# Frogs & Toads > Dart Frogs (Dendrobatidae) > Beginner Discussion >  Dendrobates Auratus

## Wolst21LT

So i have decided to start raising money for a colony of Dendrobates Auratus, and i already have a 29 gallon aquarium. i was wondering if that is a good size, and i have a whole enclosure planned out i just need to start bulding it. if i put 4 of them in a 29, is that sufficient? should there be more or less of them in there?

----------


## Kurt

My understanding is there should be more males than females in the enclosure. As how many can live in there comfortably, I would say at least 3, maybe more, but then again I am no expert on this species.

----------


## Wolst21LT

okay so ill put 4 or 5 in there, but its going to be a vivarium. so how would i be able to clean it? should i just pick up the waste and change out the food dish daily, and then just clean it out every 6 months? i read that on a website but i just wanted to make sure that was okay to do.

----------


## Paul Rust

*If you build a proper vivarium you will not have to clean it at all except to keep the glass clean.

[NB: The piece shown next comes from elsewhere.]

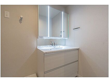 細かなものが多くて雑になりがちなサニタリー。そんな悩みを解決してくれる収納スペース付三面洗面化粧台。
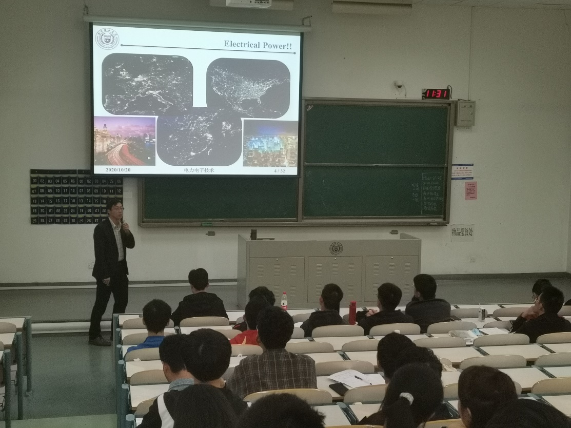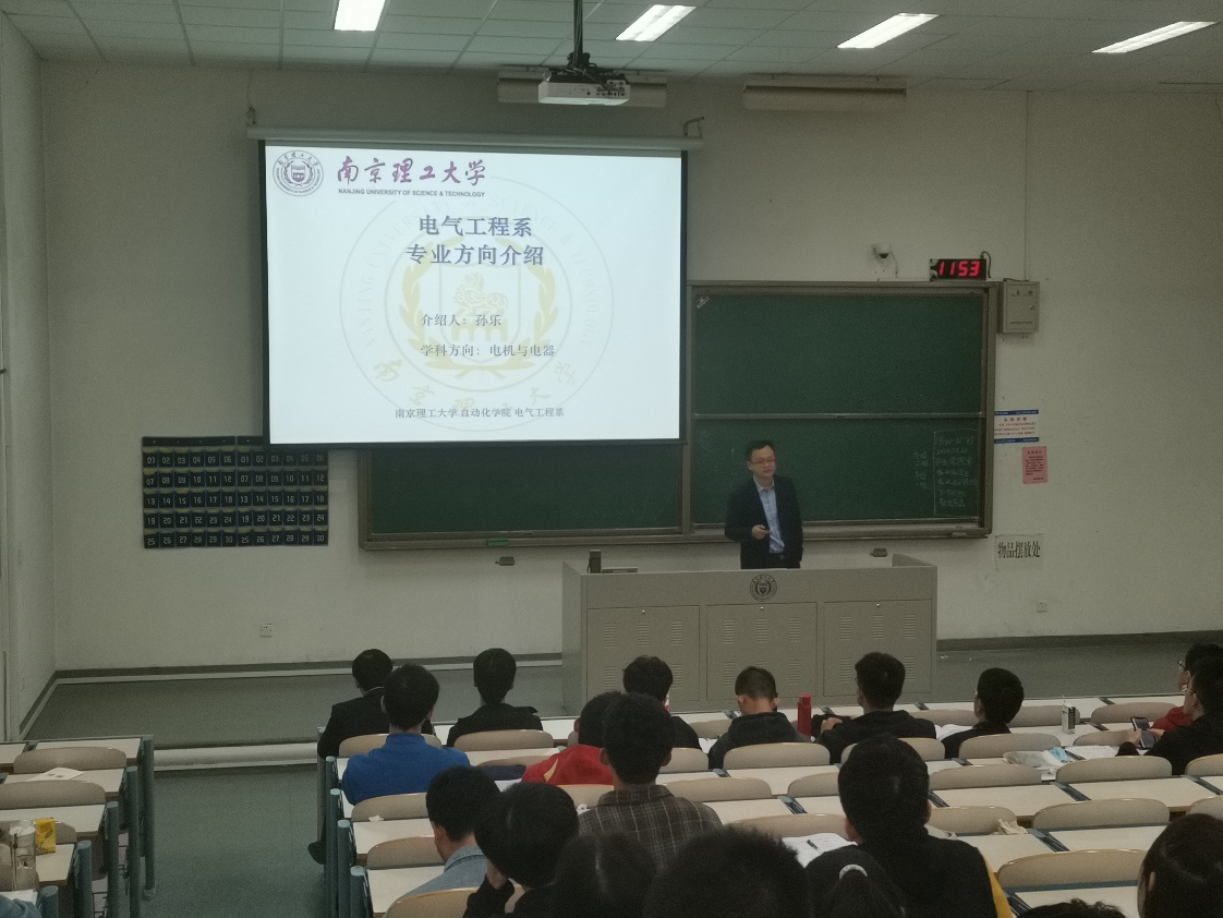 首先,李磊教授对电气工程及其自动化这一专业进行了简要的概括和介绍。随后,权浩、杨飞、孙乐、单梁四位老师分别就电力系统、电力电子、电机与电器、电工理论四个方向从学科历史、课程设计、就业前景、学科应用等为同学们介绍。

I change out the moss sometimes because it gets a little sour but that's about it.** I would not put more than 4 in a 29g to start with because you will most likely get unsexed froglets. See what you end up with and then buy a couple more of what you need.  Do your homework and make sure you have temp and humidity under control before you buy frogs. I always let my dart setups age for at least a month after everything is working properly and within tolerances. You don't want to be adjusting things with new frogs in there.*

----------


## Wolst21LT

Sure thing. i have it all planned out with a fogger and everything. I always let my tank cycle for at least a 2 weeks before buying any type of frog.

----------


## Paul Rust

> Sure thing. i have it all planned out with a fogger and everything. I always let my tank cycle for at least a 2 weeks before buying any type of frog.


 *Sounds like you have a good plan. If you need any help just ask.*  :Big Applause:

----------